Dorotka napisał(a):...kotki wolą poczekać na dostarczany katering niż uganiać się za myszkami...
To jest stara prawda, karmiony kot nie będzie łapał myszy.
ukasz napisał(a):A Pólko to chyba ma liczbę bezdomnych kotów na stałym poziomie
Masz nieaktualne dane, na Pólku obecnie kotów jest bardzo mało. W latach '90-tych koty były w piwnicach każdego bloku ale termomodernizacja bloków "wypędziła" koty. Ludzie pozamykali okna w piwnicach i tym samym koty nie mogą się tam dostać. Dodatkowo w większości bloków drzwi piwniczne zamykane są na klucz więc tędy koty też nie wejdą. Największym skupiskiem kotów na Pólku jest chyba blok przy Chemików 9.
GrubaRozkmina napisał(a):Myszek niema,sa kotki.Niema kotkow,sa nie tylko myszki,ale i szczury wielkosci jamnikow.Widzialem przypadki.Kolko sie zamyka.No niestety,musisz sie przyzwyczaic.
Są kotki, nie ma myszek ale są za to chmary pcheł. W blokach przy Boh.
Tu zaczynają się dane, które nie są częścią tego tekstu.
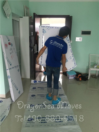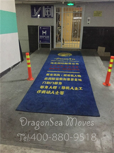 在客戶(hù)家樓下,鋪上海龍專(zhuān)用地毯,開(kāi)始進(jìn)行上門(mén)包裝。

Modlina gdy mieszkały w nich koty było tyle pcheł, że jak się weszło do piwnicy w czymś jasnym to wychodziło się w kropki. Piwnice były wciąż pryskane przeciw pchłom. Największa męczarnia była dla psów, które gdy tylko przeszły obok drzwi piwnicznych od razu łapały setkę pasażerów na gapę. Z tego co pamiętam to koty te nie były zdrowe, już małe na coś chorowały i miały jakieś pogniłe ślepka, były ślepe, chyba większość została uśpiona. Były bardzo dzikie i potrafiły ugryźć lub podrapać człowieka. Mojemu tacie kiedyś kot skoczył na twarz gdy wszedł do piwnicy, całe szczęście, że w ostatniej chwili odrzucił go ręką bo mógł np. stracić oko. Kot siedział na półce z wekami gdzie urządził sobie gniazdo, wokół było wszystko zapaskudzone, a mówią, że kot to czyste zwierzę.
Absolutnie nie jestem przeciwny kotom w blokach ale powinno to być ograniczane ich liczbą. Koty te powinny mieć stałą opiekę weterynaryjną. Nie powinno się ich karmić w miesiącach, w których sami mogę zdobyć pokarm bo inaczej przestaną spełniać swoją rolę względem nas.